Chi mi ha visto baciare un poster vicino all’immondizia non si sarà fatto
una buona opinione di me.
Le voci che allegramente bivaccano sulla mia testa mi consigliano di
fottermene.
E io, che non me lo lascio ripetere due volte, prendo atto e me ne fotto!
      Leggo luci al neon, con sguardo sfuggente, da un vaporetto che ruba
intimità alle case che si affacciano sul canale, rese vive da stanze
accese, madri di vite che non mi appartengono.
Rubo attimi da mollette colorate e panni stesi ad asciugare che disegnano
fantasie di arcobaleno dipinte, dentro me.

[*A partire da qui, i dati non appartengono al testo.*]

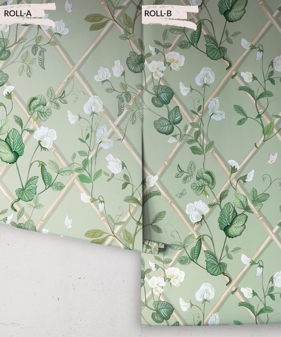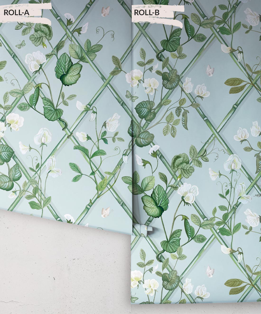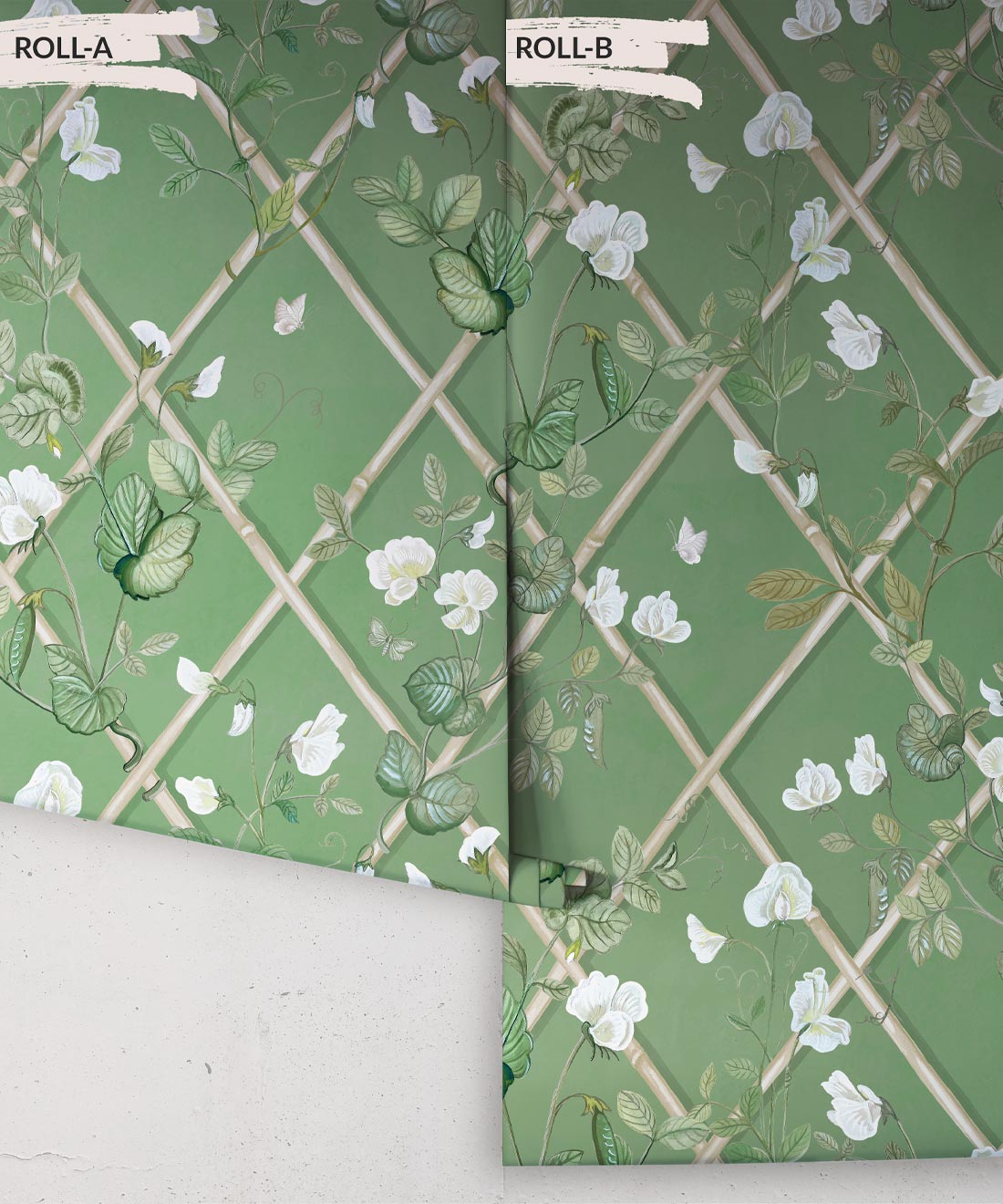 Manufactured as a double width design (set) requiring 2 rolls, A+B to complete the horizontal repeat. One set is equivalent to 133 sq. ft. or (12.3 sq. m.).
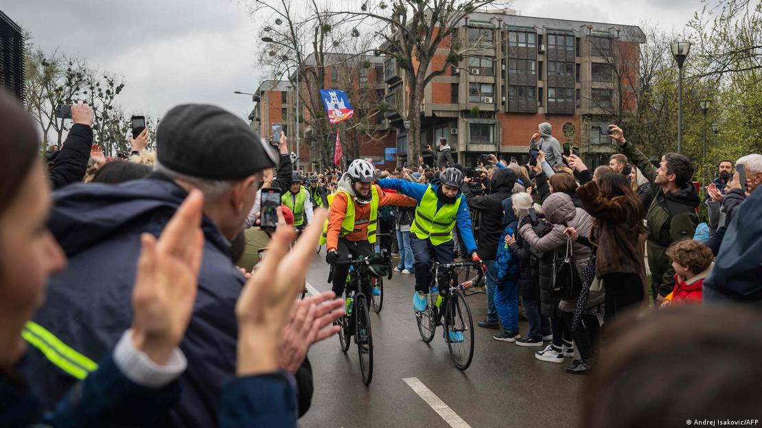 Σέρβοι φοιτητές φεύγουν με ποδήλατα από το Νόβι Σαντ για το ΣτρασβούργοΟ καθηγητής Μίχιτς αντιθέτως πιστεύει πως οι μέρες του κυβερνώντος SNS είναι μετρημένες. «Τα αυταρχικά καθεστώτα γίνονται πάντοτε όλο και πιο καταπιεστικά και επιθετικά προς το τέλος της εξουσίας τους. Η καταπίεση αυτή θα πρέπει στην πραγματικότητα να μας ενθαρρύνει, διότι δείχνει πως το καθεστώς είναι στα τελευταία του. Πιστεύω πως δεν θα επιβιώσει τους επόμενους μήνες», δηλώνει ο Μίχιτς στην DW.

      Nascono realtà non tangibili che mi attaccherò sulla pelle, tremando di
emozione, cosciente del mio invadere spazi che non mi riguardano, ma che
sento, io, che non appartengo a nulla, io, che faccio parte di tutto, oggi
come ieri. Non sarò qui a bussare. “Dicen que la distancia es el olvido,
pero yo no concibo esta razon”. Adesso ho appena copiato il Cd per Marino,
che si è quasi messo a piangere di gioia quando ha saputo che questo Mina
del 1964 ce l’avevo in casa.
      Beh, bello, ben fatto e molto ben confezionato.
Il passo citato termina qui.